では、「日米政府による監視」という報道はどこから出てきたのでしょうか。

4月15日に日本経済新聞が「中国勢の楽天出資、政府「外為法で監視」 米懸念で説明」という記事を公開しています。

4月16日に日米首脳会議が行われ、日米合同声明が発表されました。この声明では、対中関係への言及はされていますが、質疑応答含めて、楽天への言及はありません。

4月20日には、共同通信が「日米、楽天を共同監視 中国への情報流出を警戒」と報道しており、これを根拠にして各種メディアが「監視」について報道するようになったとみられます。

テンセント子会社の出資がリスクと考えられる要因

テンセント子会社による出資がリスクとみられているのは、先ほど登場した「外国為替及び外国貿易法(外為法)」が根拠です。外為法は2017年・2019年に改正されています。財務省「最近の外為法改正」をもとに見ていきましょう。

<2017年改正>

(1)特定取得の事前届出制対象への追加
 国の安全を損なうおそれが大きい業種について、外国投資家による他の外国投資家からの非上場株式の取得を事前届出制の対象に追加しました。
(2)事後措置命令の導入
 無届けや虚偽届出により対内直接投資等を行った外国投資家等に対し、国の安全を損なうおそれがある場合には、株式売却等の措置命令を行うことができる制度を導入しました。

<2019年改正>

(1)取得時事前届出免除制度の導入
 一定の基準の遵守を前提に株式取得時の事前届出を免除する制度を導入しました。
(2)事前届出の対象の見直し
 上場会社の取得時事前届出の閾値を10%から1%に引き下げたほか、役員への就任及び指定業種に属する事業の譲渡・廃止について、行為時事前届出を導入しました。
(3)国内外の行政機関との情報連携の強化

つまり、今回のケースは「国の安全を損なうおそれが大きい業種」であるか、「株式取得時の事前届け出免除」に該当するかどうかがポイントです。

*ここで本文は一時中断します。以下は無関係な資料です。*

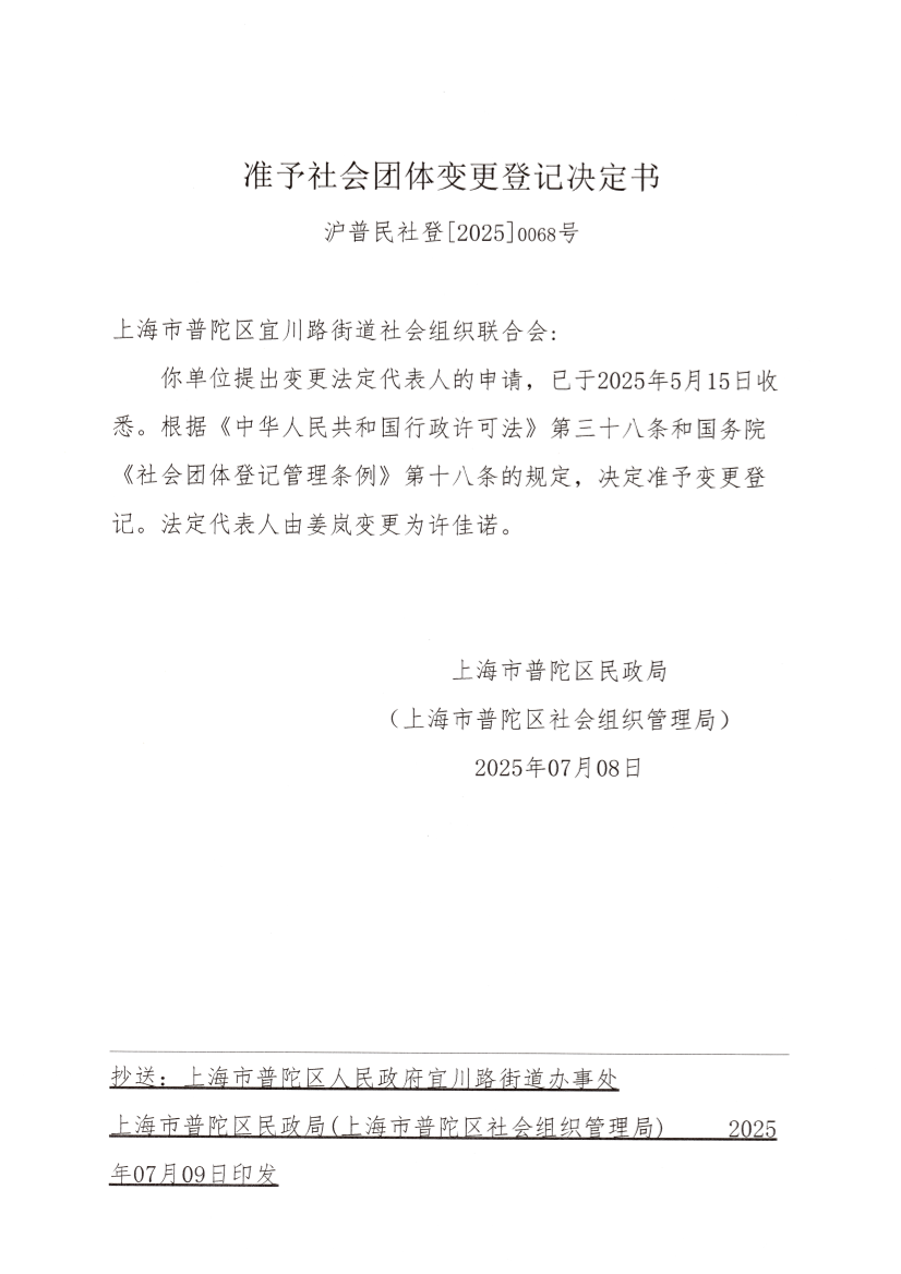 你单位提出变更法定代表人的申请,已于2025年5月15日收悉。根据《中华人民共和国行政许可法》第三十八条和国务院《社会团体登记管理条例》第十八条的规定,决定准予变更登记。法定代表人由姜岚变更为许佳诺。

楽天は「楽天モバイル」で通信事業に参入しており、外為法における「事前届出対象業種」に該当します。

また、後者についても、「第三者割当による新株式の発行及び自己株式の処分に関するお知らせ」で公開された情報によると、Image Frame Investment (HK) Limited社は株式の3.65%を保有し、第6位の大株主です。